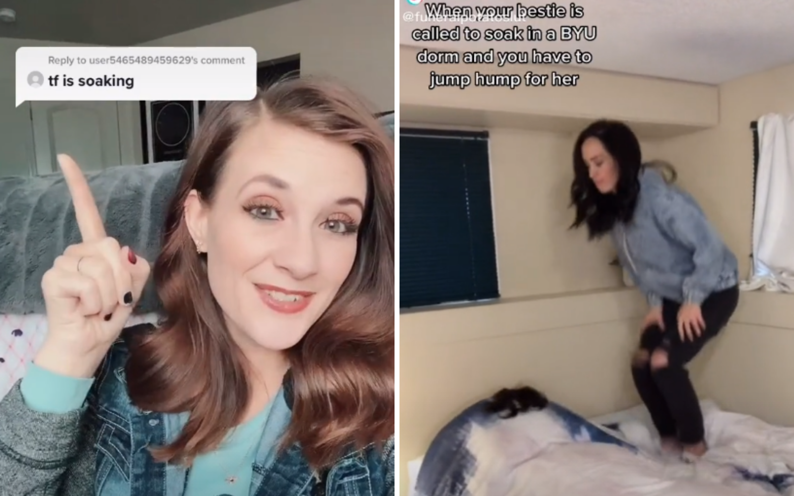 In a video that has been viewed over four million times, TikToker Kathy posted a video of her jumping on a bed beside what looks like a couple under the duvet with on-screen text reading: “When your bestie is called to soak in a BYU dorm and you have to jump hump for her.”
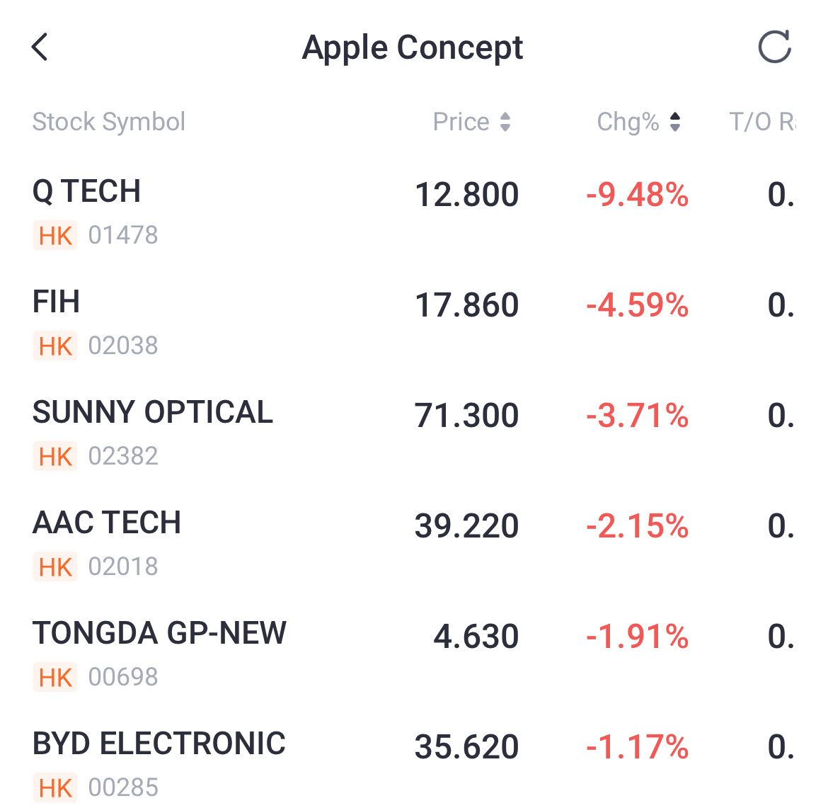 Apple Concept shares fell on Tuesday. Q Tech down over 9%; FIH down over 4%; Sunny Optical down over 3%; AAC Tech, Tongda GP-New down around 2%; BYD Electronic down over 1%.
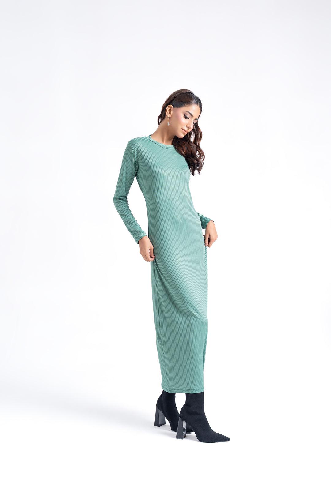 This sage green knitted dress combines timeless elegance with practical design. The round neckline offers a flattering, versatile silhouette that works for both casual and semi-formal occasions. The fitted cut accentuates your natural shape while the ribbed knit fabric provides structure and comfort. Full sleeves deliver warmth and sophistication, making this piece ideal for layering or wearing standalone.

══════════

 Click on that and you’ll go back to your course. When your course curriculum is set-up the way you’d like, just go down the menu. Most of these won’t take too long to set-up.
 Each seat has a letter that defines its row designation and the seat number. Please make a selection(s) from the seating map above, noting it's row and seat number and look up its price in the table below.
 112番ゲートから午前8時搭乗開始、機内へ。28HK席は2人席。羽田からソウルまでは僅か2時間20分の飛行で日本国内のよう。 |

══════════

**YOUR INSTRUCTIONS**
From the records above, reproduce exactly the lines from the one with "Each seat has" to the one with "112番ゲートから午前8時搭", both included, and no others.

**OUTPUT OF THE TASK**
 Each seat has a letter that defines its row designation and the seat number. Please make a selection(s) from the seating map above, noting it's row and seat number and look up its price in the table below.
 112番ゲートから午前8時搭乗開始、機内へ。28HK席は2人席。羽田からソウルまでは僅か2時間20分の飛行で日本国内のよう。 |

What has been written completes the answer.